For the RELU layer, again we can pass through the gradients directly if $ \; f_{CONV} \gt 0 $.

$$ \frac{\partial L}{\partial f_{CONV,i}} = \begin{cases} \frac{\partial L}{\partial f_{RELU,i}} & \text{if } f_{CONV,i} \gt 0 \\ 0 & \text{Otherwise} \end{cases} $$


For the CONV layer, there are a few steps.

First, let's look a an example of convolving the [2x2] kernel $w_{r,c}$ with [3x3] input $x_{r,c}$. The result is a [2x2] $f_{r,c}$ matrix.

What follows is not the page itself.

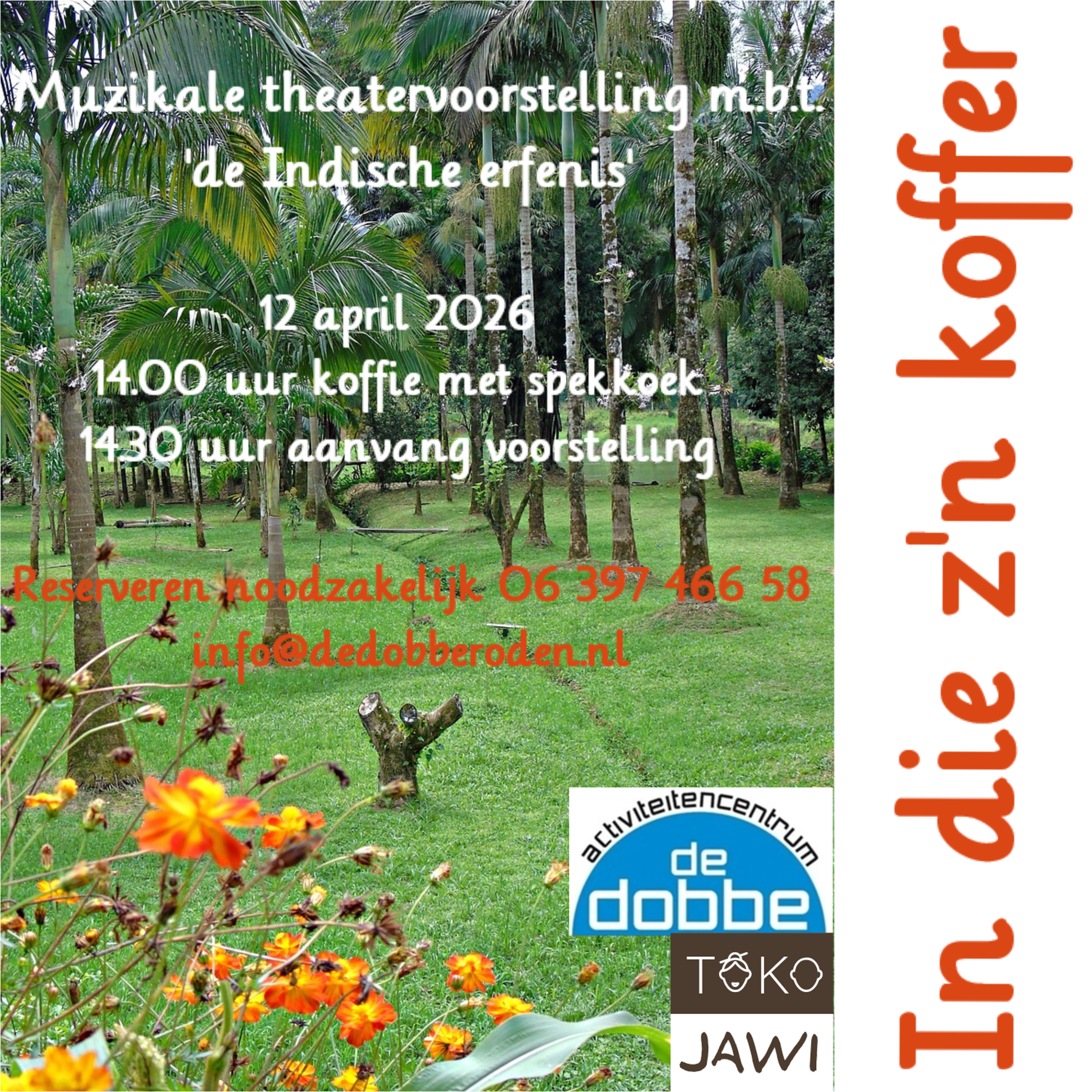Na een overweldigende belangstelling en een lange reservelijst mogen we het eindelijk opnieuw zeggen: u bent van harte welkom bij de extra muzikale theatervoorstelling ‘In die z’n koffer’. Op 12 april keert de theatergroep terug om dit bijzondere, waargebeurde verhaal nog één keer met ons te delen. Onze ouders zijn er inmiddels niet meer, hun stemmen zijn verstild, maar hun verhalen klinken door in hun kinderen, klein- en achterkleinkinderen en theatergroep ‘TJAMPOER’.

Note: $r$ = row index starting at 0 and $c$ = column index starting at 0. like so:

$w_{0,0}$ $w_{0,1}$
$w_{1,0}$ $w_{1,1}$

So for forward-pass with stride = 1, we have all the $f_{r,c}$ like so :

$$ \begin{align} f_{0,0} &= w_{0,0} \cdot x_{0,0} + w_{0,1} \cdot x_{0,1} + w_{1,0} \cdot x_{1,0} + w_{1,1} \cdot x_{1,1} + \text{bias}\\ f_{0,1} &= w_{0,0} \cdot x_{0,1} + w_{0,1} \cdot x_{0,2} + w_{1,0} \cdot x_{1,1} + w_{1,1} \cdot x_{1,2} + \text{bias}\\ f_{1,0} &= w_{0,0} \cdot x_{1,0} + w_{0,1} \cdot x_{1,1} + w_{1,0} \cdot x_{2,0} + w_{1,1} \cdot x_{2,1} + \text{bias}\\ f_{1,1} &= w_{0,0} \cdot x_{1,1} + w_{0,1} \cdot x_{1,2} + w_{1,0} \cdot x_{2,1} + w_{1,1} \cdot x_{2,2} + \text{bias} \end{align} $$

Then we can calculate the gradients -- partial derivative with respect to kernel weight $w$.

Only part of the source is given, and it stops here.